Since the Gabor system is shift-invariant, the dual Gramian analysis developed for shift-invariant systems was applied in [1] to obtain the duality principle for Gabor frame systems. The key idea was the introduction of an adjoint system of a given Gabor system. The adjoint system is also a Gabor system.  The essence of the duality principle is the unitary equivalence of the dual Gramian matrix of a frame system and the Gramian matrix of certain adjoint systems. Hence, the frame property of a Gabor system is characterized by the Riesz property of its adjoint system. With the development of the duality analysis, the duality principle was generalized to frames in Hilbert space and became the core principle of frame theory. With this, we formulated the duality principle for irregular Gabor systems which have no structure whatsoever to the sampling of the shifts and modulations of the generating window.

    1. Amos Ron, Zuowei Shen, Weyl-Heisenberg frames and Riesz bases in $L_2(R^d)$, Duke Mathematical Journal, 89 (1997), 237-282. PDF
    2. Amos Ron, Zuowei Shen, Frames and stable bases for subspaces of L2(Rd): the duality principle of Weyl-Heisenberg sets, Proceedings of the Lanczos Centenary Conference Raleigh, NC, M. Chu, R. Plemmons, D. Brown, and D. Ellison eds., SIAM Pub. (1993) 422-425. duality.pdf

Extension Principles
The wavelet system is not shift-invariant.
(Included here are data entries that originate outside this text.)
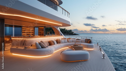 Fototapeta premium Luxurious outdoor lounge area on a yacht at sunset featuring modern seating,...
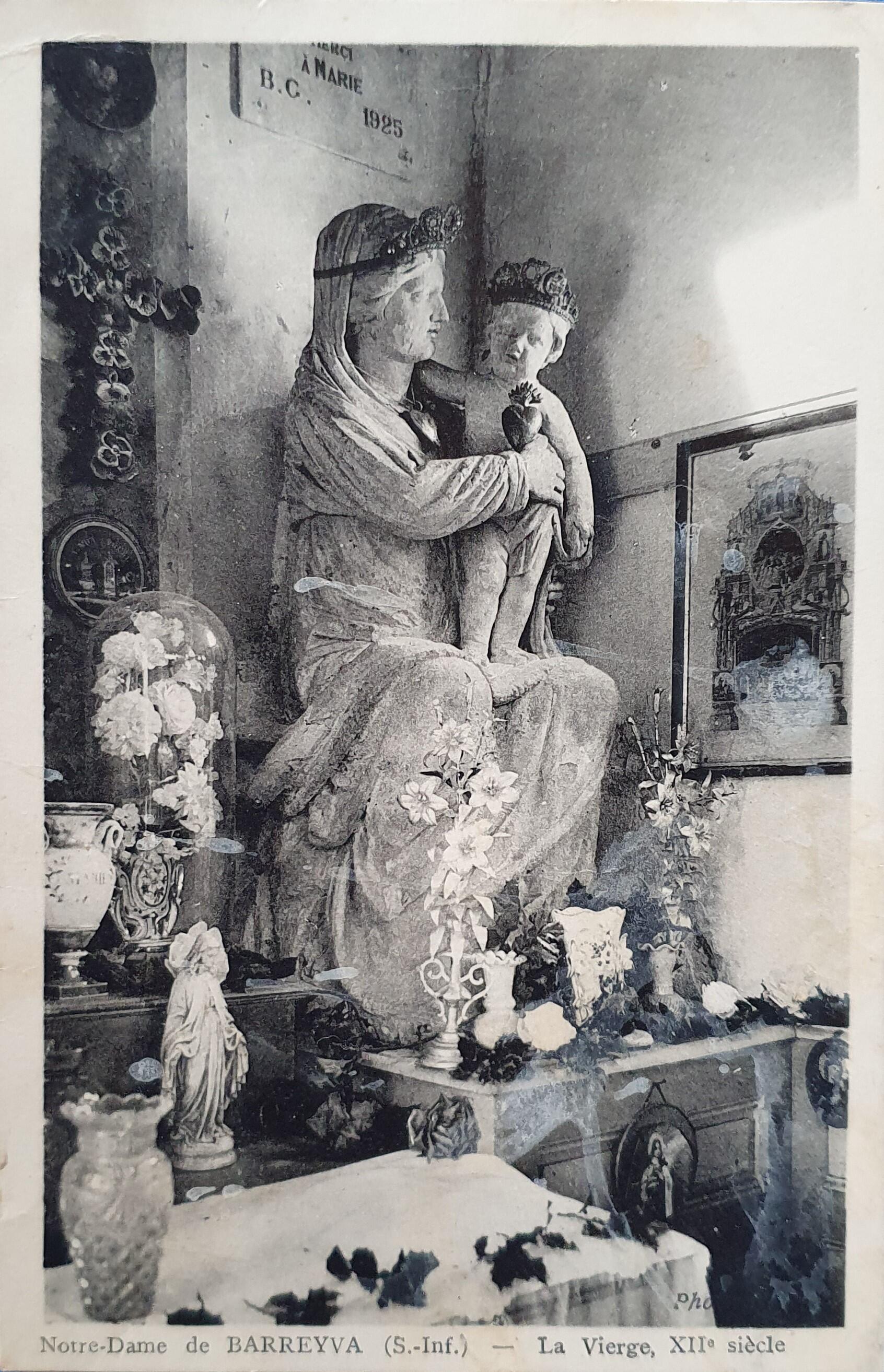 Notre-Dame de BARREYVA (S.inf.) - La Vierge, XIIe siècle.- Carte postale, sans date [vers 1900-1910], photo Herault. (Collection Bardel).Immatriculation
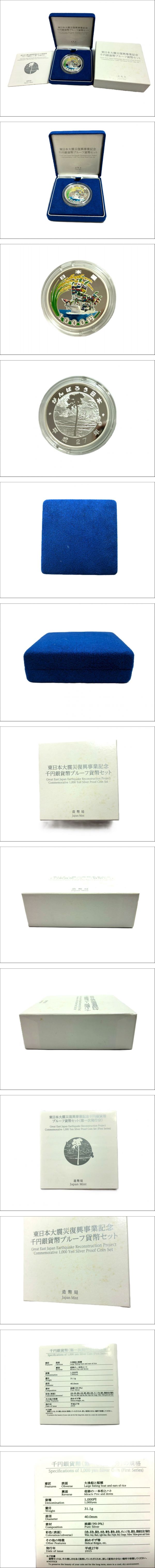 | 商品説明 | 下記注意事項を熟読、同意の上 御入札下さい。 現状品での出品になりますので 落札後の返品返金は お断りさせて頂いております。 神経質な方はご入札を御遠慮下さい。 ご不明な点がございましたら 落札前に質問にてご連絡をお願い致します。 写真と説明にて全てをご理解 ご判断して頂いた上でご入札下さい。 【詳細】 東日本大震災復興事業記念 千円銀貨幣プルーフ貨幣セット
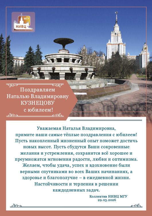 29 марта 2026 года исполняется 50 лет сотруднику хозяйственного отдела Научно-исследовательского вычислительного центра МГУ имени М.В. Ломоносова Наталье Владимировне Кузнецовой.

In [2], we completely unraveled the structure of the wavelet system with the aid of two new notions: the affine product, and a quasi-affine system in [2]. This led to a characterization of wavelet frames; the induced characterization of tight wavelet frames was in terms of exact orthogonality relations that the wavelets should satisfy on the Fourier domain. The affine product can be factored in during a multiresolution analysis construction, and this led to a complete characterization of all tight frames that can be constructed by such methods. Moreover, this characterization led to the unitary extension principle.

The unitary extension principle was further generalized to the mixed extension principle in [3] and the oblique extension principle in [1]. Moreover, the unitary extension principle can be viewed as the duality principle in sequence space as shown in the duality analysis of frames in Hilbert space.  This perspective led to a construction scheme for wavelet frames which is strikingly simple in the sense that it only needs the completion of an invertible constant matrix which makes the construction of wavelet frame straightforward. The duality analysis and extension principles led to many interesting constructions of wavelet frames beyond those given here.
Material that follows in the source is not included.